2007年04月23日
P2Pファイル共有ユーザの中でも、特に違法ファイル共有ユーザの間で人気のソフトウェアにPeerGuardianというソフトウェアがある。このソフト、何をしてくれるかというと、インターネットを利用する際に、個人情報を採集していると思われるIPアドレスからのアクセスを遮断してくれるというもの。そのために、自分の利用目的にあったブロックリストを読み込ませ、該当するIPアドレスを遮断してくれる。ブロックリストは、さまざまなところで作成されているのだけれども、今回はその代表的なブロックリストはどの程度有効かを調査した研究があるよ、というお話。
結果としては、使えば遮断してはくれるけど、それでも完全ではないよ、という非常に曖昧なものだったわけで、違法ファイル共有を続ける限りは、追跡される続けるのである。
原典:TorrentFreak
原題:Do P2P Blocklists Keep you Safe?
著者:Ernesto
日付:April 15, 2007
URL:
http://torrentfreak.com/do-p2p-blocklists-keep-you-safe/
カリフォルニア大学リバーサイド校の研究者たちの最新の研究によると、人々がGnutella P2Pネットワーク上で接続するIPの15%が、PeerGuardianのようなブロックリストアプリケーションでブロックされていることが示された。このような統計は、ブロックリストの有効性などについてはなんら説明されてはいないが、しかし、複数の反海賊行為団体に雇われたことのある情報筋によると、ブロックリストは、MPAAやRIAAに追跡される危険を非常に減少させるという。
最近発表された論文によると、研究者らは、実際のP2Pネットワーク上でブロックリストに登録されたIPからのヒット数を検証した大規模な実験の結果を分析した。調査は90日間にわたって行われ、Gnutellaネットワーク上で異なる3つのブロックリスト(PeerGuardian、
Bluetack、Trusty Filesを使ってデータは収集された。
彼らの主要な結論としては、ブロックリストソフトウェアを利用していないユーザは、モニタされていることに対して、事実上保証されない。
それ以外の結論としては、
- 実験期間中に見られたヒットのうち、全体のほぼ94%が5つのブロックリストレンジに集約される。
- 政府または企業組織のIPが、ブロックリストに最も多く含まれている。
- レコードレーベルといったコンテンツプロバイダーのIPは、ブロックリストにはあまり含まれてはいない。
また、研究者たちは、最も確認されたIPのトップ15が、特定のオーナーに遡ることのできない、いわゆるBOGON IPレンジであったことにも言及している。このことは、これらのソースは、故意に匿名を保ちたいということを示している。それは、彼らが何をしていることを示すものでもある。
論文は、複数の興味深い調査結果を示し、ブロックリストの働きに対してのいくつかの観察を提供してくれる。しかし、この論文では、これらブロックリストの正確さや効果については言及されていない。

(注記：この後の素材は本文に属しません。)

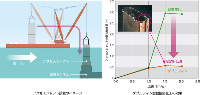 水理模型実験により全6種類の動揺制御工法を確認した結果,ダブルフィン型動揺制御工法に最も高い効果が得られました。ダブルフィン型動揺制御工法は,無対策時に比べてアクセスシャフトの動揺量を85% も低減できることが示され,安全で円滑な工事の実施が可能になりました。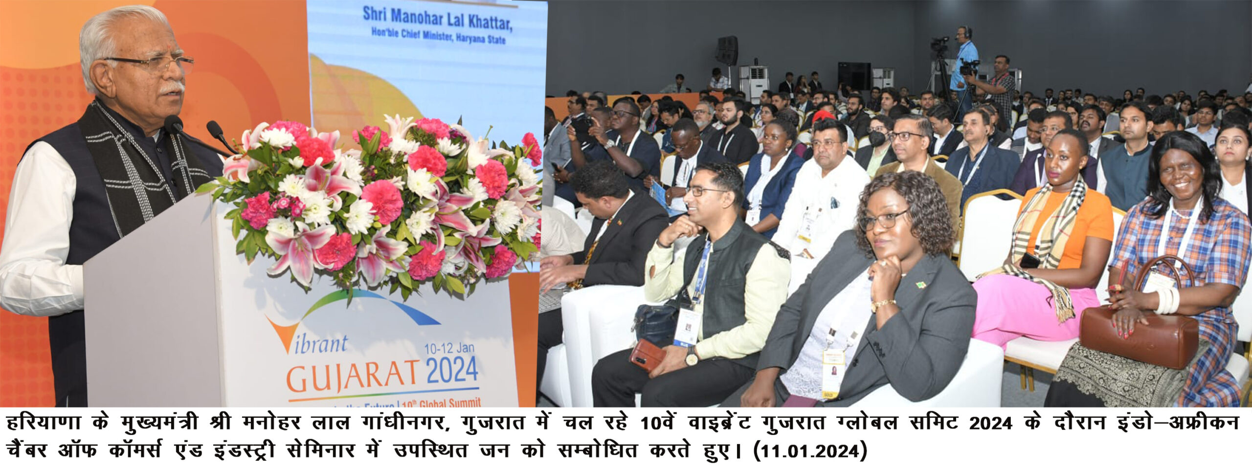चंडीगढ़। मुख्यमंत्री मनोहर लाल ने हरियाणा को संभावनाओं, क्षमताओं और समृद्धि की भूमि बताते हुए उद्यमियों को राज्य में निवेश पर विचार करने का निमंत्रण दिया। मुख्यमंत्री आज गुजरात के गांधीनगर में चल रहे 10वें वाइब्रेंट गुजरात ग्लोबल समिट 2024 के दौरान इंडो-अफ्रीकन चैंबर ऑफ कॉमर्स एंड इंडस्ट्री सेमिनार में बोल रहे थे।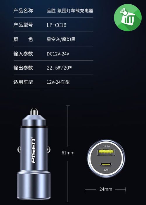 in addition, Pisen LP-CC16 PD Suitable for all types of cars/Compatible with Apple and Android phones This fast car charger adapter suitable for charging phones, tablets, power banks, video games controllers, sports watch, navigation, camera, mp3, etc.The PD Type C USB A car charger adapter compatible with your iPhone, iPad, Samsung Galaxy, LG, Google Pixel, etc.

TorrentFreakでは、その答えを見出すため、反海賊行為団体ともに働いたこともある専門家に、これらのリストの効果はどの程度見込めるかについてたずねた。彼の推測では、彼がともに働いた反海賊企業が使用するIPのうち、およそ75-80%がブロックリストに含まれるという。これは、ブロックリストがいくらかの保護を提供してくれることを意味するし、一方でこれらが絶対確実ではないことも意味している。
しばらくは、反海賊行為組織とBluetackといったブロックリスト管理者とのいたちごっこがつづきそうだ。
で、記事にあるように、調査結果からは、それなりに有効ではあるが、完全ではないよ、という「使わないよりは使った方がいい」曖昧な結果に終わっている。まぁ、このリスト作成自体も有志が自発的に参加し、更新しているものなので、完璧にやれなんていうのも筋違いだったりするしね。実際にPeerGuardianの利用許諾にも以下の文言がある。
実際のところ、PeerGuardianはどの程度安全なのか?
あなたのブロックリスト内にある全てのIPアドレスをブロックするという意味では完璧です。しかし、ブロックすべき全てのIPアドレスを知ることは不可能であるため、PeerGuardianはあなたの安全を相当なレベルにまでは高めることができますが、PeerGuardianを使用するだけであなたのセキュリティが完全になることは決してありません。
まぁ、一番確実な方法としては、違法ファイル共有をしないということだろうか。